By Helen Buyniski | RT | October 8, 2020
After social media censorship failed to zero out RT’s web traffic, an establishment US media outlet has revealed it reached out to sites in the same link-exchange network as RT, spooking them into backing out.
The Wall Street Journal has launched an investigation into a link aggregator that includes RT.com, publishing the names of participants and the network itself in an effort to shame them into kicking the site off, in a hit piece on Wednesday. If this thinly-veiled intimidation is the behavior of a democratic country’s media, one shudders to imagine what an authoritarian nation might have done.
RealClearPolitics – a mostly-nonpartisan site that reports poll results and political news – is held up as an example, guilty of wrongthink through its association with Mixi.Media, a web-ring that links to headlines from news sites of various political persuasions (including RT) at the bottom of partners’ webpages. Mixi doesn’t show the source of the headlines right away, no matter where they come from, which –in the eyes of the Journal– proves it’s up to something nefarious.
The pearl-clutching pseudo-exposé made it clear that even unwitting association with RT is beyond the pale in this paranoid day and age. “If [readers] see RT, they are going to freak out,” Mixi founder Alex Baron is quoted as saying. Asked whether he agrees with RT’s “politics,” he answers in the negative, of course. However, the implication is made that he’s a Kremlin agent at heart through his past association with a Russian private equity firm – never mind that he’s suing that firm after being fired in 2018. Merely working for a company owned by a Russian executive initiates an irrevocable cootie-transfer.
The Journal doesn’t illustrate exactly how they approached the web-ring participants for the piece, but at least five sites were sufficiently intimidated –including The Blaze, Newser, and AccuWeather– that they fled Mixi’s network after being asked about the Russian intruder in their midst. Presumably the dialogue went something like “Gee, that’s a nice news outlet you’ve got there, sure would be a shame if it got shut down for Russian collusion.”
If that sounds like an exaggeration, one need only refer to the New York Times’ warning that merely reporting a story RT has covered is actually “sowing discord” and “creating division.” As far back as 2016, the Washington Post was accusing US-based, US-run alt-media websites of being Russian “useful idiots” merely for disdaining to go along with Washington’s neoliberal warmongering agenda, laundering its smears through the anonymous Ukrainian front “PropOrNot.”

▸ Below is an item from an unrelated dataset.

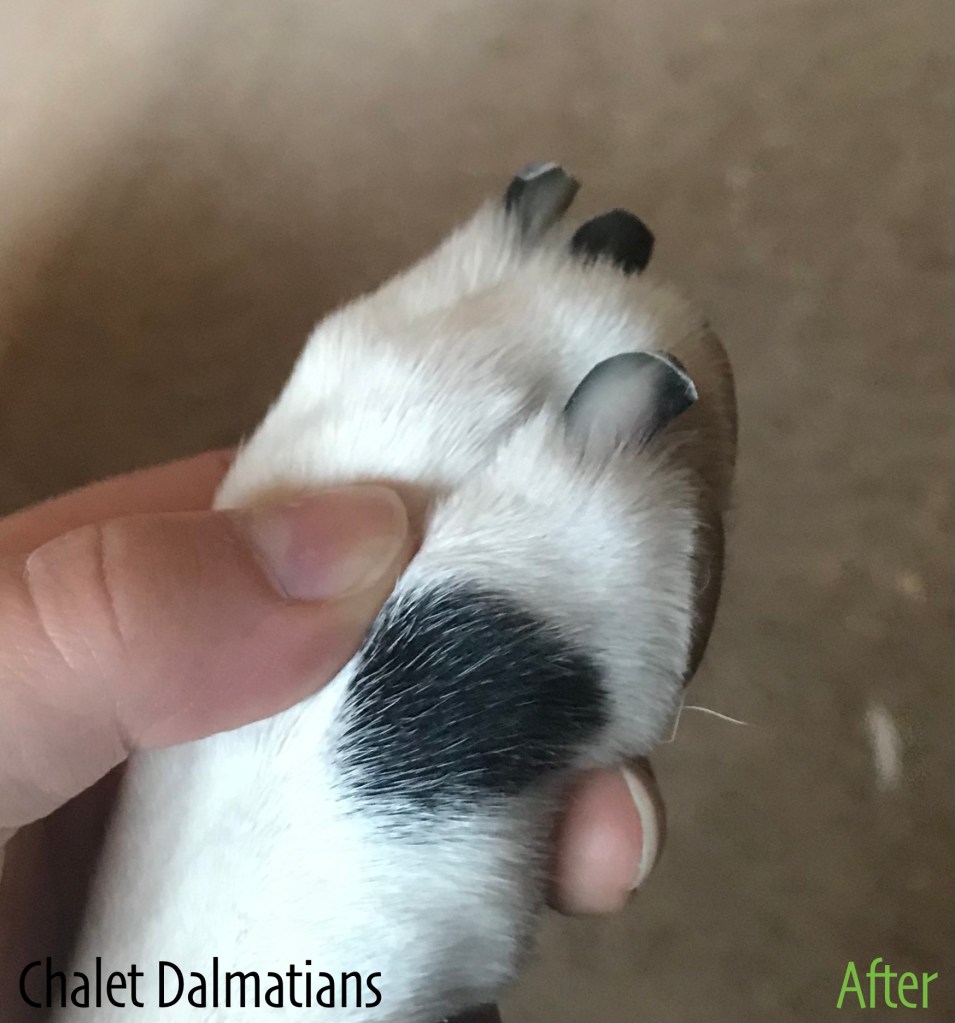 Since she is willing to leave us for a few minutes here and there, she was finally able to get her nails done. She said that this is the longest that her nails have ever been since things have been so hectic with us little ones here. Mom thinks that it is super important to have your nails trimmed at lease once a week so that your feet and body can grow properly. She says that the humans are super particular about her nails not being too long, but she doesn’t mind, because it leads to a better lifestyle for her anyways. Here are her nails before and after her nail trim today. She says that more length could have come off of them, but we shouldn’t try to take too much during one nail trim. So they will be trimmed them again in a few days.
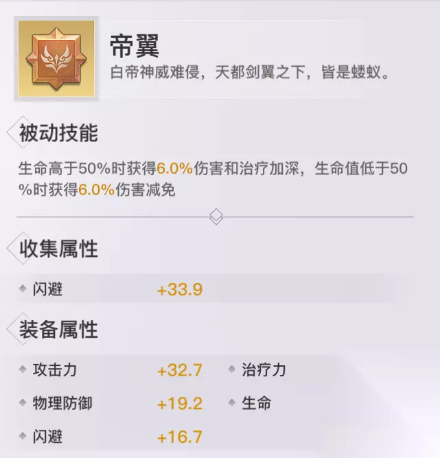 帝翼: 收集属性:闪避 获取方式:商城(圣物之大宝图)、摆摊 评价分析:生命越高伤害和治疗能力越强,生命低则加强装备者防御能力,PVE和PVP通用神格。

The WSJ’s “don’t click that link – there might be Russians in it” scare story is just the latest in a long string of efforts to pressure friendly networks into giving RT the cold shoulder. The same outlet bemoaned RT’s seeming invincibility to TV censorship back in January 2017 as part of a multi-pronged media blitz ginned up by the US intelligence community’s attempt to implicate RT in “meddling” in the 2016 election – an allegation that has never been remotely substantiated yet has become part of the narrative wallpaper for the American establishment, assumed to be true even in the absence of evidence.
The dubious allegations of hacking the Democratic National Committee were followed by a lengthy screed against programs RT no longer even aired – but that was enough for the New York Times and other “papers of record” to pile on a competitor they didn’t know they had, treating the uninspired smear like a smoking gun. Breaking precedent set by other state-owned foreign media, the Justice Department forced RT to register as a “foreign agent.” The designation was subsequently held up, bizarrely, as “proof” it was foreign propaganda, as officials insisted it was voluntary, even though the network was threatened with criminal charges if it refused.
And the UK Sunday Times pulled a similar stunt to the WSJ’s back in 2017, phoning up RT’s British advertisers – many of whom were spooked by the probing questions into pulling their ads – and misrepresenting their vanishing act as motivated by the channel’s “propaganda and fake news.”
Efforts to sideline RT have only increased since then, with first YouTube and more recently Facebook and Twitter labeling it as state-run foreign media and burying its content. WSJ’s report glossed over the obvious follow-on effect from such a move, crowing gleefully that social media traffic to the site dropped 22 percent from 2018 to July and web traffic in general dropped 14 percent.
But until it drops to zero, the US’ propaganda mill will never be satisfied. Having coasted for decades with a virtual monopoly on viewers’ eyeballs, its quality declined accordingly, and the rise of the internet saw Americans hungrily lapping up any alternative source of information. When they’re presented with the sight of rioters burning businesses, bibles, or people and told these are peaceful democratic protesters who must be supported, they recoil not because they are propagandized by RT or some other outlet, but because they’re aware they’re being lied to.
With the 2020 election looming on the horizon, social media platforms and news outlets alike are renewing their fatwa against all things Russian. That reliable “enemy” ensures they will never have to answer for the many holes in their own one-sided coverage, the flagrant falsehoods regularly passed off as gospel, and the unrelenting fear porn that keeps too many Americans glued to their TV set. Heaven forbid they change the channel – they might trip over the truth.